The Democratic Party already knows a few things about the Victorian-style duplex on West Hubbard Street. It wants to know a lot more.

And so Mark Rutkus and Patrick Harris, armed with sturdy clipboards and cheerful smiles, are going on a data hunt. "Hi, we're here from the Franklin County Democratic Party," Rutkus begins as Linda Houston draws back her front door, tentatively at first. "Can we ask you a few questions?"

A longtime Democrat, Houston greets them enthusiastically. For the next few minutes, the local party operatives ask and she answers: Are you registered to vote? Do you reside at this address? Can you confirm the names of the other people living here? What do you know about the people living next door?

It may seem like basic shoe-leather canvassing, unchanged from the days when precinct captains kept their political machines oiled with up-to-date information gleaned from doorstep and barstool encounters. But in this year's election, there is a hidden high-tech twist. Rutkus and Harris are out to "map" the political demography of this neighborhood, trolling in the service of a quasi-science called "database targeting."

Houston's answers will bounce from Rutkus's clipboard to a computer in the state Democratic Party's offices here, and then 400 miles away to computers housed in the Democratic National Committee's headquarters in Washington.

Like rivulets flowing to rivers and rivers to the sea, this information will join an enormous data torrent streaming toward Washington from all around the country. Houston's "profile" is just one of 166 million -- or one for every registered voter -- that the DNC is constantly updating in a huge digital cache known as DataMart. The Republican National Committee tends a similar information trove, dubbed Voter Vault.
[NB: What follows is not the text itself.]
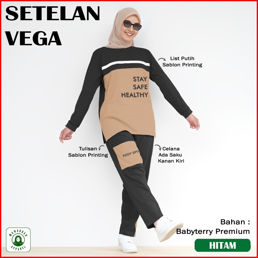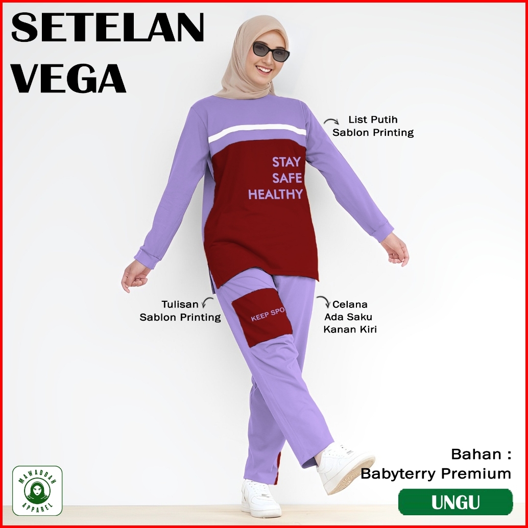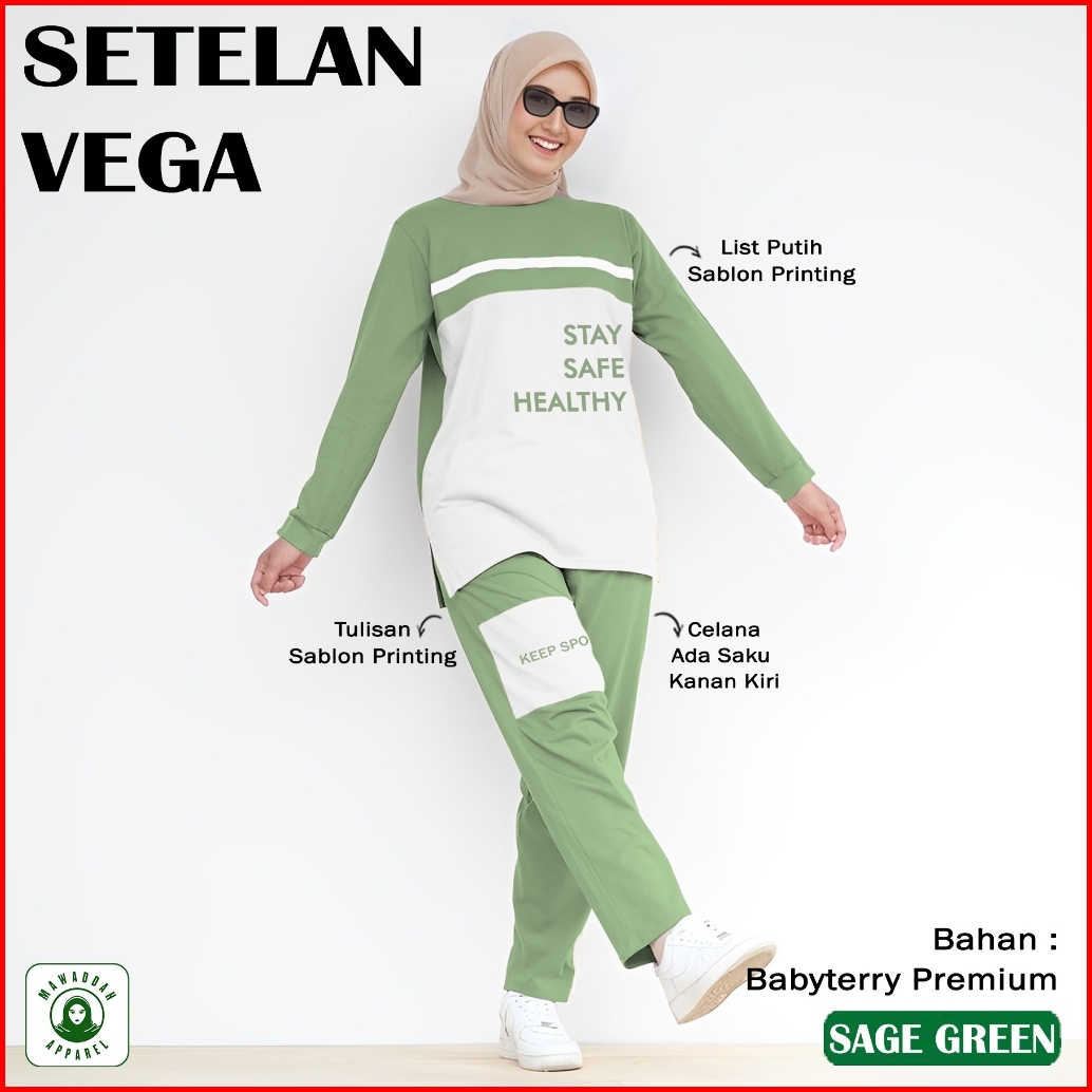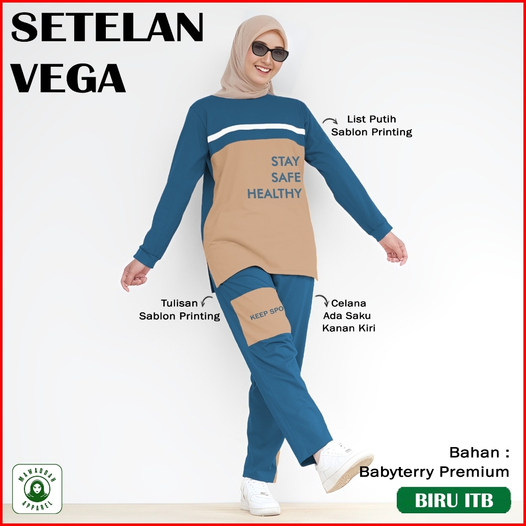 Ma Set Vega - Setelan Kaos Celana Olahraga Senam Zumba Wanita Muslim Sablon Bahan Babyterry Adem Size Xl Xxl Xxxl 35564

The fight for Ohio, and maybe the election itself, could come down to a battle of these databases.

'Very Powerful Tool'

The 2004 election will be the first presidential election in which both national parties use their database and number-crunching skills to shape their organizing and get-out-the-vote strategies.

Marketers have used databases to target customers for years -- they know enough about your credit history to offer you that low-interest credit card -- but the political world is just becoming acquainted. For several years, largely out of public view, the two major parties have been assembling their infobanks, each with the same daunting goal. By tracking the electorate, and employing ever more sophisticated statistical models through the field called "data mining," the parties and their candidates hope to zero in on who will vote, how they might vote, and how to persuade them to vote for Republicans or Democrats.
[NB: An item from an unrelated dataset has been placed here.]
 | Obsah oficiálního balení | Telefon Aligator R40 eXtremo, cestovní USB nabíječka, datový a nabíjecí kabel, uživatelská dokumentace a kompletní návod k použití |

"You could ask me about any city block in America, and I could tell you how many on that block are likely to be health care voters, or who's most concerned about education or job creation," said DNC Chairman Terence R. McAuliffe. "And I could press a button and six seconds later you'd have a name, an address and a phone number for each of them. We can then begin a conversation with these people that is much more sophisticated and personal than we ever could before."
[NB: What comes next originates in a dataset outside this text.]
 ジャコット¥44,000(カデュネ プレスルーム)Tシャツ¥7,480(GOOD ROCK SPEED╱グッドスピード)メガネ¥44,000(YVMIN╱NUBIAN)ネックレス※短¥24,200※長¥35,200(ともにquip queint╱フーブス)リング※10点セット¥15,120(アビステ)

It is not quite that simple. Models and databases offer better-educated guesses, not certainty, about what a voter thinks and how he or she is likely to behave. But with enough computing power, enough personal details and the right search features, political database pros say they are improving the efficiency of an array of campaign decisions, including fundraising, advertising and get-out-the-vote operations.

Using little more than an off-the-shelf program and the desktop computer in his Washington office, Democratic consultant Hal Malchow shows how to predict turnout and target pools of supporters. Using the 2002 gubernatorial race in Arizona as his example, Malchow is able to match the poll responses of 5,778 likely voters against their database profiles. The program then slices and dices the data to uncover the characteristics -- in this case, middle-aged Hispanic men living in two metropolitan areas -- that defined the biggest groups of people likely to support Malchow's client but still uncertain about voting. A quick search of a voter database would return the names of those who fit this profile, making them the likely recipients of phone calls or a knock on the door by a candidate's field staff.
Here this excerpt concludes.